• SUPPLIED MATERIAL
◇ ◇ ◇ ◇ ◇

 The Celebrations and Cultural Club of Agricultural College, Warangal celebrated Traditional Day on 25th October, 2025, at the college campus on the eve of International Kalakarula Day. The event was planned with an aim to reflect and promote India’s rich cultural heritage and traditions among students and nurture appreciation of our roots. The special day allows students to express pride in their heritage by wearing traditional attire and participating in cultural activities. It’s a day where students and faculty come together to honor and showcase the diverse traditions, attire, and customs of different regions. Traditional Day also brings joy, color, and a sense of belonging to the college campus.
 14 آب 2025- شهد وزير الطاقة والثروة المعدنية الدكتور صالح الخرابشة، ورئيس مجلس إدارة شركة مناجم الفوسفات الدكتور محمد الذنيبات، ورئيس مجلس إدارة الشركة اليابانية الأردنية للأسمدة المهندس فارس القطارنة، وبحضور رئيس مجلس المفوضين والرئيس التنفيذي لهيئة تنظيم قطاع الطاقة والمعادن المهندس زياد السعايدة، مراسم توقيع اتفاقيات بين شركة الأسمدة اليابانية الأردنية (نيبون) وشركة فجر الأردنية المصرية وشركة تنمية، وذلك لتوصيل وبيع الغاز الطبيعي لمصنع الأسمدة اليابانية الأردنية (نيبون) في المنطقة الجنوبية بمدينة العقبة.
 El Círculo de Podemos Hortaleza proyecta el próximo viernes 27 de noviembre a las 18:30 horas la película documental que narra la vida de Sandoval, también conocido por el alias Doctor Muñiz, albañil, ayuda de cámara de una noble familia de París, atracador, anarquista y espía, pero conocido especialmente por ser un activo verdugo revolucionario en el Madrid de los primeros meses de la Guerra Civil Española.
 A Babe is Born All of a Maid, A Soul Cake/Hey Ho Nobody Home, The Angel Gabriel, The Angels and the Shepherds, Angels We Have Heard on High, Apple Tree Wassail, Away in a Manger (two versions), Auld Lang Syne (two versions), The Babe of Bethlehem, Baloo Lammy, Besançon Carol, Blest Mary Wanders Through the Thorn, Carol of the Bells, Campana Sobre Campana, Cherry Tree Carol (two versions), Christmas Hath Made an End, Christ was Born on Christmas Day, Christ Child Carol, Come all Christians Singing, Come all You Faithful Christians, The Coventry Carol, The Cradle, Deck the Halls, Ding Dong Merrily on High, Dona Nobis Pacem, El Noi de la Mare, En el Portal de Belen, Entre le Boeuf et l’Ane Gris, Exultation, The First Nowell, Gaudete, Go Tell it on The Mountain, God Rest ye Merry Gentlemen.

◇ ◇ ◇ ◇ ◇

• WORK REQUEST
Restate the entire listing verbatim.

• SOLVED EXERCISE
 The Celebrations and Cultural Club of Agricultural College, Warangal celebrated Traditional Day on 25th October, 2025, at the college campus on the eve of International Kalakarula Day. The event was planned with an aim to reflect and promote India’s rich cultural heritage and traditions among students and nurture appreciation of our roots. The special day allows students to express pride in their heritage by wearing traditional attire and participating in cultural activities. It’s a day where students and faculty come together to honor and showcase the diverse traditions, attire, and customs of different regions. Traditional Day also brings joy, color, and a sense of belonging to the college campus.
 14 آب 2025- شهد وزير الطاقة والثروة المعدنية الدكتور صالح الخرابشة، ورئيس مجلس إدارة شركة مناجم الفوسفات الدكتور محمد الذنيبات، ورئيس مجلس إدارة الشركة اليابانية الأردنية للأسمدة المهندس فارس القطارنة، وبحضور رئيس مجلس المفوضين والرئيس التنفيذي لهيئة تنظيم قطاع الطاقة والمعادن المهندس زياد السعايدة، مراسم توقيع اتفاقيات بين شركة الأسمدة اليابانية الأردنية (نيبون) وشركة فجر الأردنية المصرية وشركة تنمية، وذلك لتوصيل وبيع الغاز الطبيعي لمصنع الأسمدة اليابانية الأردنية (نيبون) في المنطقة الجنوبية بمدينة العقبة.
 El Círculo de Podemos Hortaleza proyecta el próximo viernes 27 de noviembre a las 18:30 horas la película documental que narra la vida de Sandoval, también conocido por el alias Doctor Muñiz, albañil, ayuda de cámara de una noble familia de París, atracador, anarquista y espía, pero conocido especialmente por ser un activo verdugo revolucionario en el Madrid de los primeros meses de la Guerra Civil Española.
 A Babe is Born All of a Maid, A Soul Cake/Hey Ho Nobody Home, The Angel Gabriel, The Angels and the Shepherds, Angels We Have Heard on High, Apple Tree Wassail, Away in a Manger (two versions), Auld Lang Syne (two versions), The Babe of Bethlehem, Baloo Lammy, Besançon Carol, Blest Mary Wanders Through the Thorn, Carol of the Bells, Campana Sobre Campana, Cherry Tree Carol (two versions), Christmas Hath Made an End, Christ was Born on Christmas Day, Christ Child Carol, Come all Christians Singing, Come all You Faithful Christians, The Coventry Carol, The Cradle, Deck the Halls, Ding Dong Merrily on High, Dona Nobis Pacem, El Noi de la Mare, En el Portal de Belen, Entre le Boeuf et l’Ane Gris, Exultation, The First Nowell, Gaudete, Go Tell it on The Mountain, God Rest ye Merry Gentlemen.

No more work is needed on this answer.